More than 37 million people in England and Wales live in a local authority area without a single community care legal aid service, including over 7.5 million people aged 65 and over, the Law Society said as it published analysis revealing catastrophic legal aid deserts for community care across the country.
A new interactive map shows the vanishing number of providers in each local authority area. 79% of local authorities now have no publicly funded legal advice for vulnerable people to challenge local authority community care arrangements.
The situation is even worse than the map suggests because many of these community care legal aid lawyers provide advice in a subset of cases known as Court of Protection work, in which the client may be deprived of their liberty because they can no longer make decisions for themselves.
“A cared-for person fighting to get vital welfare services or remain in their own home will tell you legal aid is a lifeline,” Law Society president Simon Davis said.
“But almost two thirds of us live in a local authority area without a single community care legal aid service, so all too often the most vulnerable people – who may be elderly, housebound, disabled – cannot get the expert legal advice they desperately need when their care arrangements fall short.
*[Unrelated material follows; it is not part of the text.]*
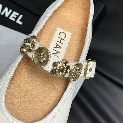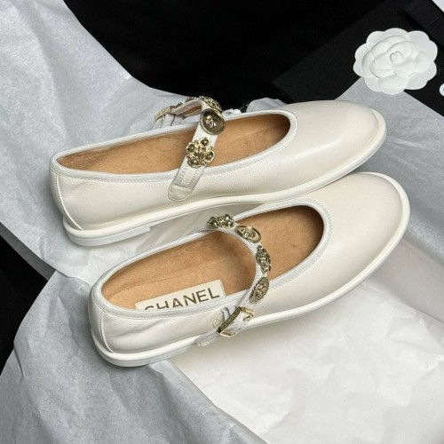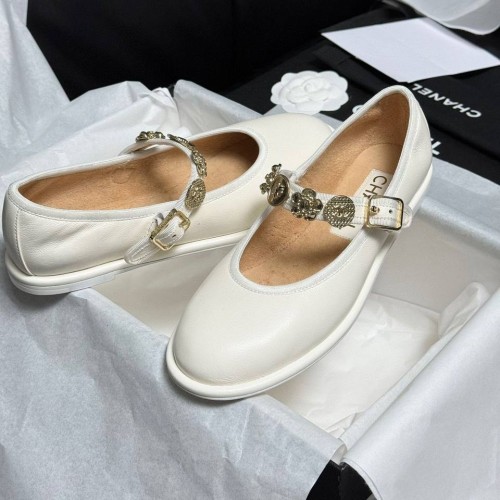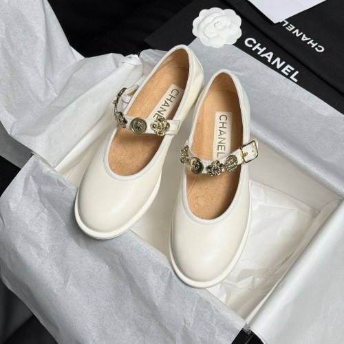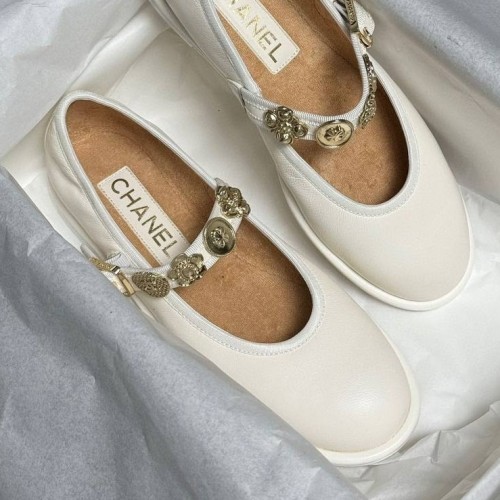 Белые женские туфли Chanel Mary Janes из качественной натуральной кожи. Стильная модель с ремешком для фиксации стопы украшена золотистым декором. Классика для создания элегантных образов. В нашем интернет-магазине вы можете купить копии туфель с доставкой по Москве и по всей России.

“Anyone trying to resolve a care issue is likely to need face-to-face professional advice urgently and be unable to travel long distances to get that tailored advice.” Catastrophically low rates of pay for exceptionally complex, sophisticated work are forcing legal professionals across the country to withdraw from legal aid as the work is simply not economically viable.
The fees government pays for civil legal aid provision have not increased since 1994, equating to a 49% real-terms reduction. On top of this, fees were cut by a further 10% in 2011. “Inadequate community care could leave a disabled person without the support they need to dress or prepare food; an elderly person might not be able to access their community or challenge the closure of a care home,” Simon Davis said.
“The combined knock-on of shrinking local authority budgets and an advice sector decimated by legal aid cuts mean the demand for advice in community care law far outstrips supply.
“Our members tell us all too often they are having to make the heart-breaking decision to turn away people because they simply do not have the capacity to take cases on.
“Fewer and fewer solicitors are choosing to go into this area of work that requires in-depth knowledge of the welfare sector, sophisticated understanding of the law and highly developed interpersonal skills.
“If the government does not wake up to the impending catastrophe I fear this specialism could disappear altogether, leaving society greatly diminished and disempowered.
“The government must make urgent changes so everyone who has a right to state-funded legal advice can get the advice they need when they so desperately need it. Legal rights are meaningless if people cannot enforce them.”